» DATASET EXTRACT
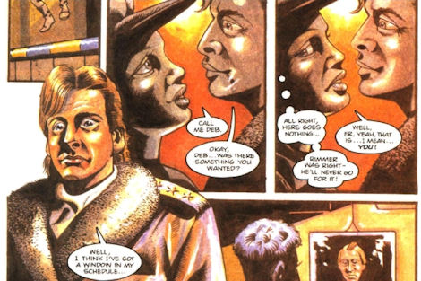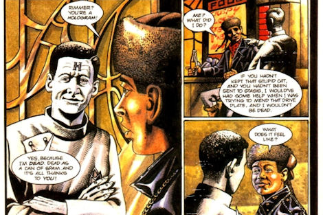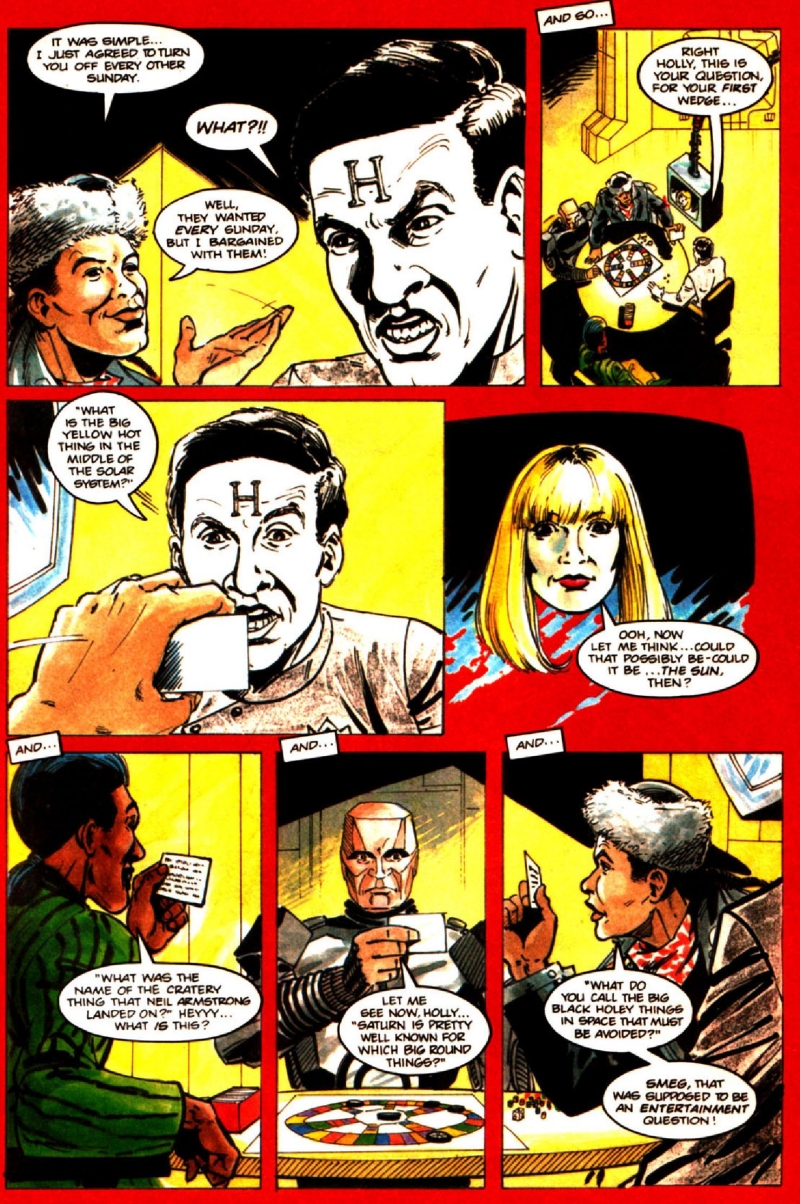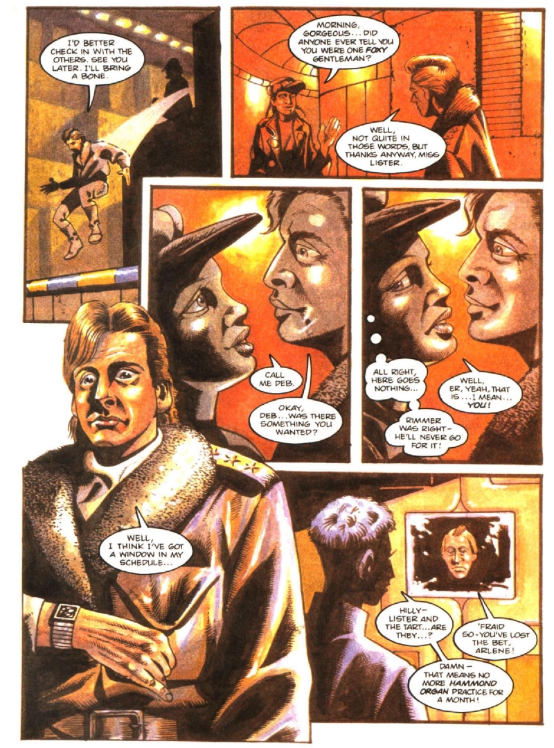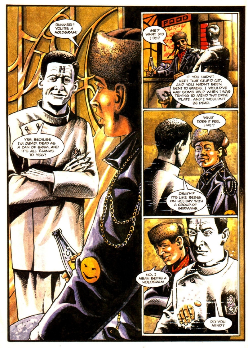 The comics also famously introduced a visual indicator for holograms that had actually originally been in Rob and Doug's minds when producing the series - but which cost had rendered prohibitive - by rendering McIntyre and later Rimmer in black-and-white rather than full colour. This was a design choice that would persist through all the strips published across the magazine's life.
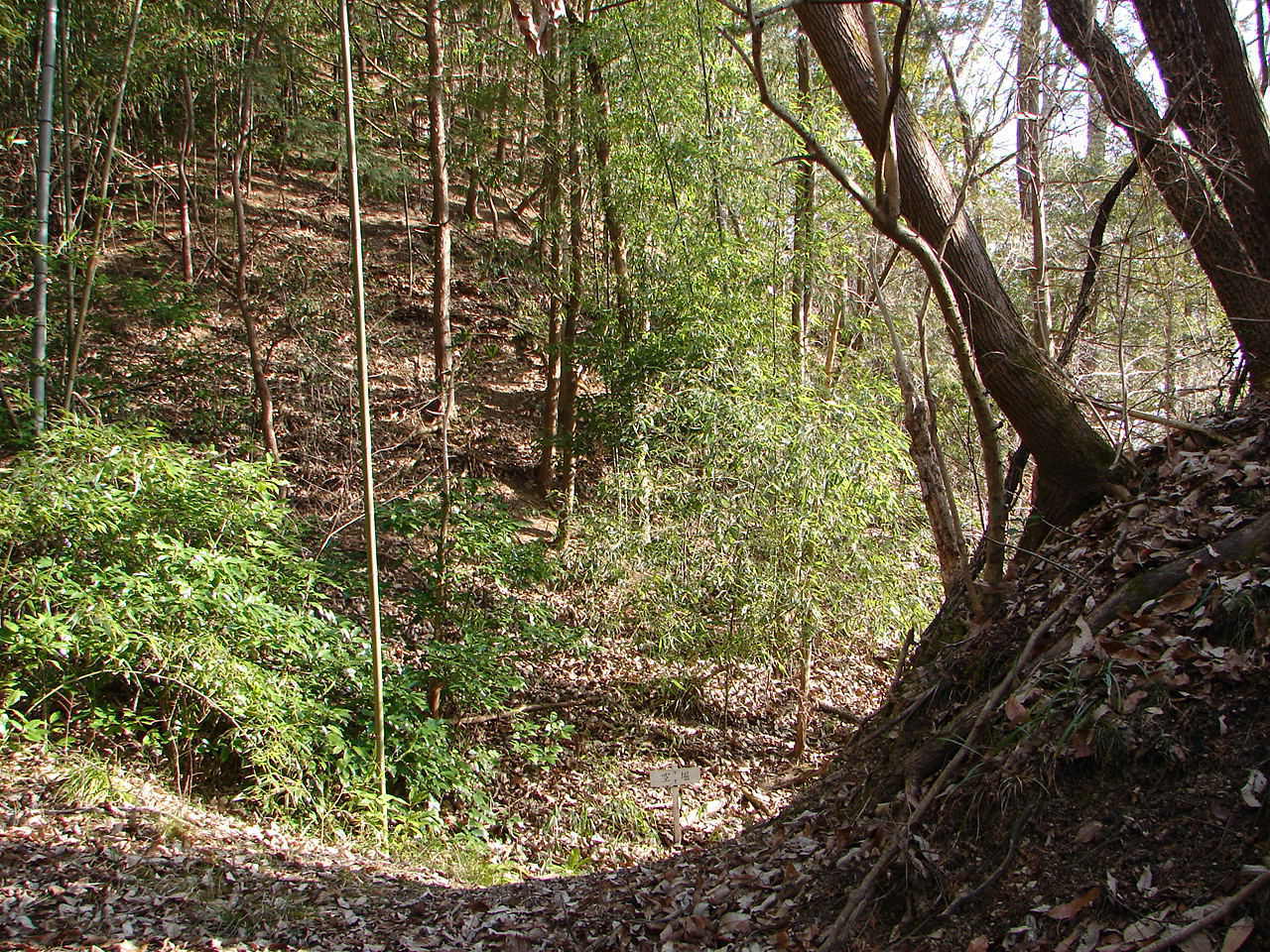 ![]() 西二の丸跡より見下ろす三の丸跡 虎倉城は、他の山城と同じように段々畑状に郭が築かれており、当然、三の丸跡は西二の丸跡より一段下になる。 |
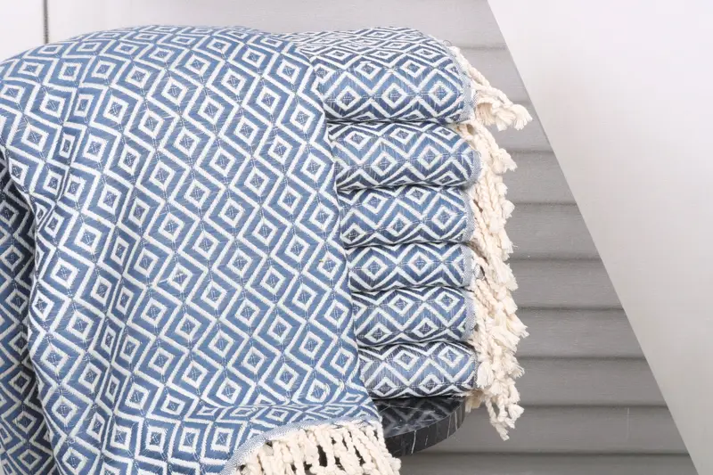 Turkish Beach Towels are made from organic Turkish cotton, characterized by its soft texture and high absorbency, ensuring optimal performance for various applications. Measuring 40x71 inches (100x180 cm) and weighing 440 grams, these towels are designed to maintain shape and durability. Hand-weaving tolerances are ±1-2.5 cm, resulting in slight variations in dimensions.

* * *

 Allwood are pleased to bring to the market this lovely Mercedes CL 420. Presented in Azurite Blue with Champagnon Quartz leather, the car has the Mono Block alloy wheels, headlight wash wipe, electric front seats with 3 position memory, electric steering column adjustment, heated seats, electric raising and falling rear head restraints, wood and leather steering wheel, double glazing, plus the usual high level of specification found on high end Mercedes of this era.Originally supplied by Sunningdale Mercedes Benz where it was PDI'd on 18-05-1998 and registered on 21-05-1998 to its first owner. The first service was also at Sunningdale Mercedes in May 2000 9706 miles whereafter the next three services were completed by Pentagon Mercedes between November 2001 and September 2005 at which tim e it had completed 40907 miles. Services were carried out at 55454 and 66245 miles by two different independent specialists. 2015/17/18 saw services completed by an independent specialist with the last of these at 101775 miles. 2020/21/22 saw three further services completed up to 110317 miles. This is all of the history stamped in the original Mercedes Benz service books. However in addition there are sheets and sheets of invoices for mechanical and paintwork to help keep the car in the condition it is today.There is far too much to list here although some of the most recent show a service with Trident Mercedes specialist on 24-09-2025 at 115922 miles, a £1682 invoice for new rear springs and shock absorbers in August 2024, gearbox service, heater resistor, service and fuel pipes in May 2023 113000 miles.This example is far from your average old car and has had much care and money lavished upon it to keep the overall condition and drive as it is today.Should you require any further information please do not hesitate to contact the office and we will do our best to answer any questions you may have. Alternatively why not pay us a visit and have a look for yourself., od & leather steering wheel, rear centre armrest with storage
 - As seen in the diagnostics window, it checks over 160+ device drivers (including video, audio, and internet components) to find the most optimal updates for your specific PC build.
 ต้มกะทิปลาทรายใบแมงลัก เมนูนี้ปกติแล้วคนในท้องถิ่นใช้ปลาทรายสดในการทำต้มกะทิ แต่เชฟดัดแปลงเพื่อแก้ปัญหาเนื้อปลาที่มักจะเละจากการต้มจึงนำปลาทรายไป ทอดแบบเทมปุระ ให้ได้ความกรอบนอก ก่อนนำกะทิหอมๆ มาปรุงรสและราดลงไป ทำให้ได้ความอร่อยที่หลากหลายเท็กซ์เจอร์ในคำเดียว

==

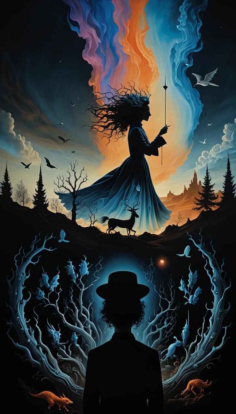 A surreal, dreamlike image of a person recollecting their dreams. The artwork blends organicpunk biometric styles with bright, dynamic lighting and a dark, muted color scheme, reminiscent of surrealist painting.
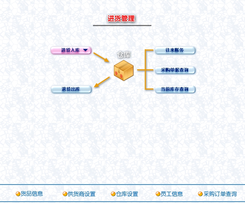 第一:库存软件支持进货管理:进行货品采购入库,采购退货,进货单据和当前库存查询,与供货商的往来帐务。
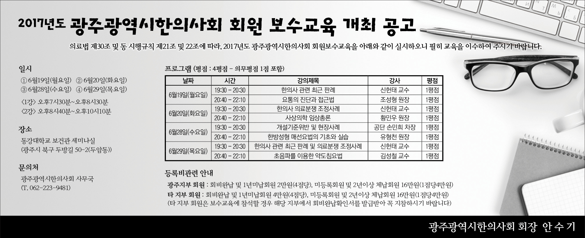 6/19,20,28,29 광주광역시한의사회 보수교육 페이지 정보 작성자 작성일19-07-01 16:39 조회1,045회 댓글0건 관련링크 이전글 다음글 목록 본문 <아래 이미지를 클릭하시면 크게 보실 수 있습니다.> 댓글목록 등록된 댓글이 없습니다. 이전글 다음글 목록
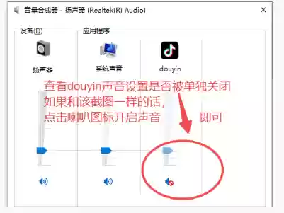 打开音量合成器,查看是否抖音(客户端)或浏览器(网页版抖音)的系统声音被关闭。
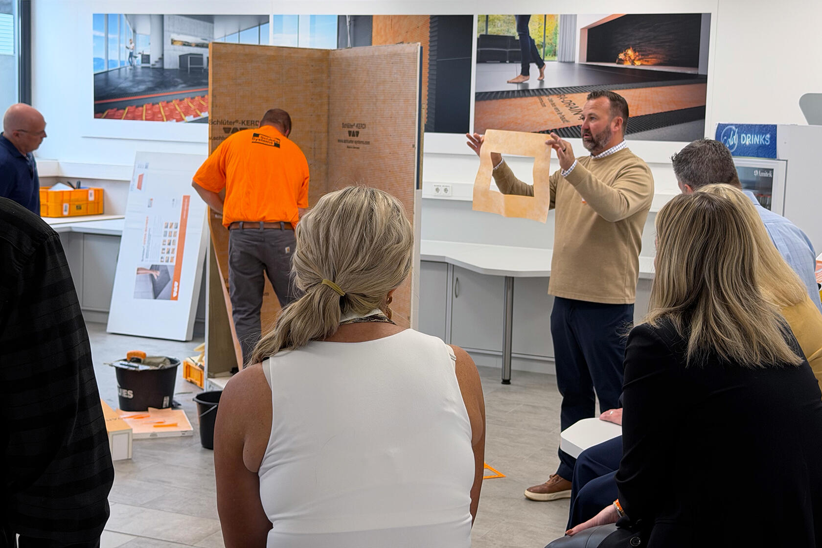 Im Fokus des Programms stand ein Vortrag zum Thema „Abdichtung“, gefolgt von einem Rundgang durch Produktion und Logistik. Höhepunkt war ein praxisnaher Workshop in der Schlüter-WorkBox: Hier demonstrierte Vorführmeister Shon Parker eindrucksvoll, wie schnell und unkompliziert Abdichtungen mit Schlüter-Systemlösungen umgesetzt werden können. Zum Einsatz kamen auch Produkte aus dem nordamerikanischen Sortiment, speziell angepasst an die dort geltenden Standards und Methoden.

» WHAT TO DO
Nothing but the lines from the one with "6/19,20,28,29 광주광역시한의사회 보수교육" to the one with "Im Fokus des" above, both included, should be transcribed, exactly and without pictures.

» OUTPUT BELOW
 6/19,20,28,29 광주광역시한의사회 보수교육 페이지 정보 작성자 작성일19-07-01 16:39 조회1,045회 댓글0건 관련링크 이전글 다음글 목록 본문 <아래 이미지를 클릭하시면 크게 보실 수 있습니다.> 댓글목록 등록된 댓글이 없습니다. 이전글 다음글 목록
 打开音量合成器,查看是否抖音(客户端)或浏览器(网页版抖音)的系统声音被关闭。
 Im Fokus des Programms stand ein Vortrag zum Thema „Abdichtung“, gefolgt von einem Rundgang durch Produktion und Logistik. Höhepunkt war ein praxisnaher Workshop in der Schlüter-WorkBox: Hier demonstrierte Vorführmeister Shon Parker eindrucksvoll, wie schnell und unkompliziert Abdichtungen mit Schlüter-Systemlösungen umgesetzt werden können. Zum Einsatz kamen auch Produkte aus dem nordamerikanischen Sortiment, speziell angepasst an die dort geltenden Standards und Methoden.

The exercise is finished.